Homework 2 . Due Sept. 16, 2016 

1. Given i.i.d. right censored observations (T_1, \delta_1) ... (T_n, \delta_n). Further assume random independent censorship
   model and our interest is in the distribution of the lifetimes (not censor times).

   Assume a piecewise exponential model for the lifetimes with the hazard function given by 

  h(t) = \lambda_1 I[0 <= t < K_1] + \lambda_2 I[K_1 <= t < K_2] + \lambda_3 I[K_2 <= t < K_3] + \lambda_4 I[K_3 <= t < \infty].

  We assume the cut points 0 < K_1 < K_2 < K_3 < \infty are given and the 4 lambda's are parameters (must be positive).


 (a)  Find the MLE of lambda_1, lambda_2, lambda_3 and lambda_4 (when they exist. Under what condition some MLE may not exist?)

 (b)  Find the observed 4x4 Fisher information matrix and its inverse matrix. (assume all MLE in (a) exist)


 (c) what is the approx. variance of \hat \lambda_3  ?


2. For purely discrete r.v.

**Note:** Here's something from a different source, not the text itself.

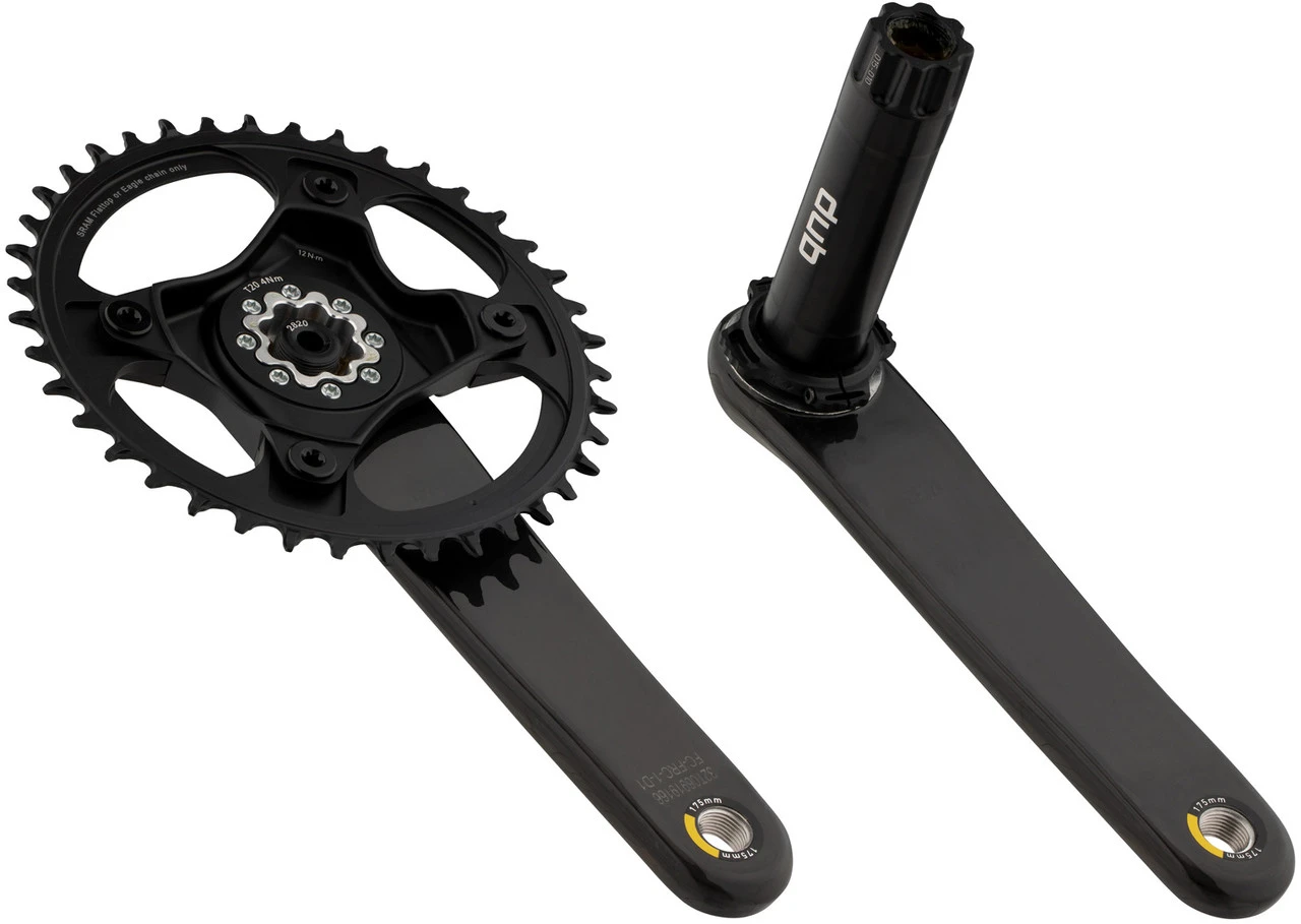 Spezifikationen:Einsatzbereich:Road, Gravel, Cyclocross, Triathlon & Time TrialKompatibilität:1×12-fachKettenblattbefestigung:107 mm Lochkreis, 4-Arm asymmetrischTechnische Daten:Serie:ForceMaterial Kurbelarme:CarbonMaterial Kettenblätter:AluminiumAbstufung:40 Zähne, 46 ZähneKurbelarmlänge:170,0 mm, 172,5 mm, 175,0 mmKettenlinie:45,0 mmAchsdurchmesser:28,99 mmInnenlager (empf.):DUB Road InnenlagerFeatures:leicht und widerstandsfähigguter Kettenhalt mit X-Sync Kettenblattlanglebig und einfach dank DUB-Technologiekann zum Powermeter aufgerüstet werdenTechnologien:DUB™: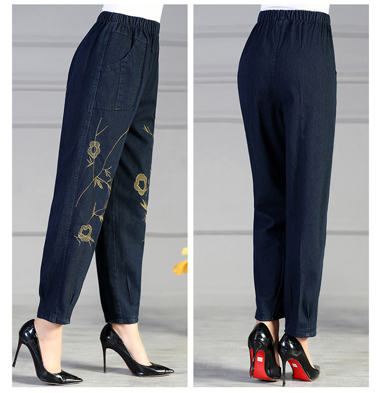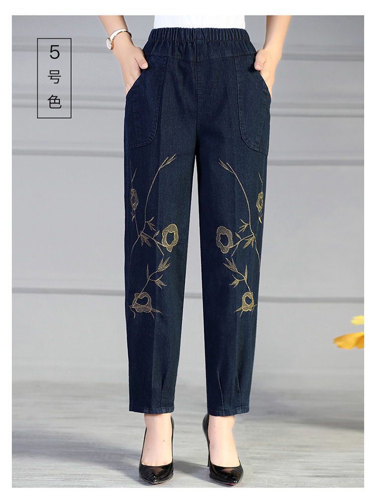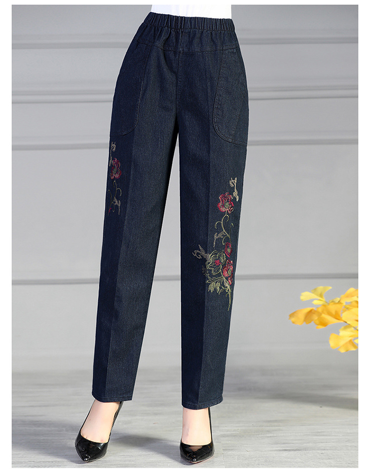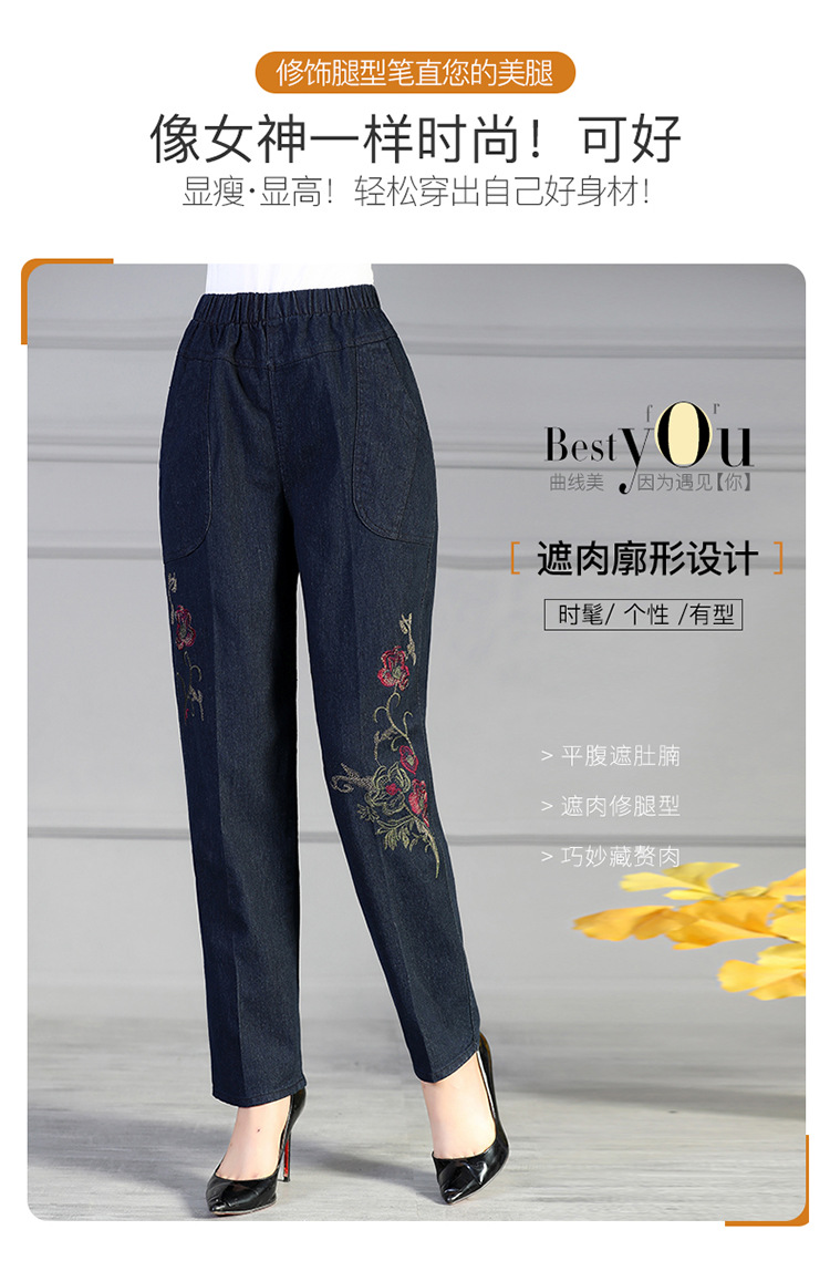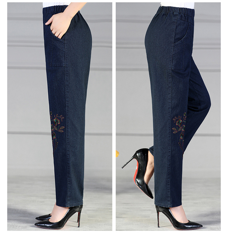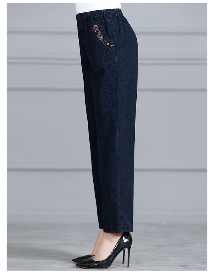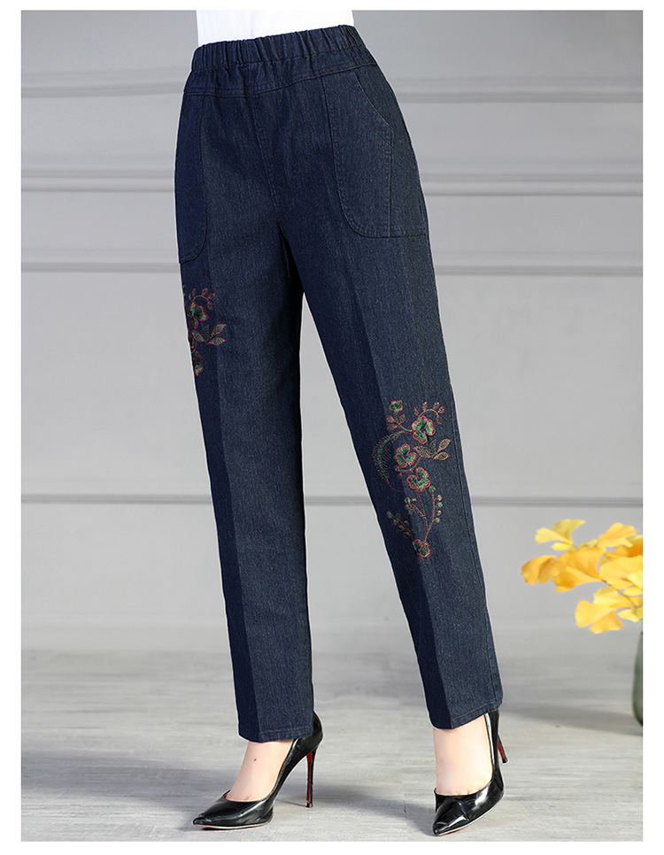 妈妈秋冬松紧高腰加绒牛仔裤中老年女宽松直筒保暖加厚弹力长裤子

X, define its cumulative hazard function H(x) as we did in class, (also as below)
   find and verify the inverse formula. i.e. from H(x) to CDF F(x).

    Define H(t) = \int_{-\infty}^t \frac{dF(s)}{1-F(s-)}  then we have the inverse formular

     1-F(t) = \prod_{s \leq t} [ 1- dH(s) ]

   (you may assume a distribution that have just 5 jumps, if that makes your life easier.)
 


3. For the "myel" data in our textbook, fit all the available parametric models to the data set use
   SAS proc lifereg and/or R function survreg
   [exponential; 2-parameter weibull, weibull with shape fixed at 2, 1, 0.5; gamma, etc].
   
   and plot the hazard functions of the fitted models in one plot. 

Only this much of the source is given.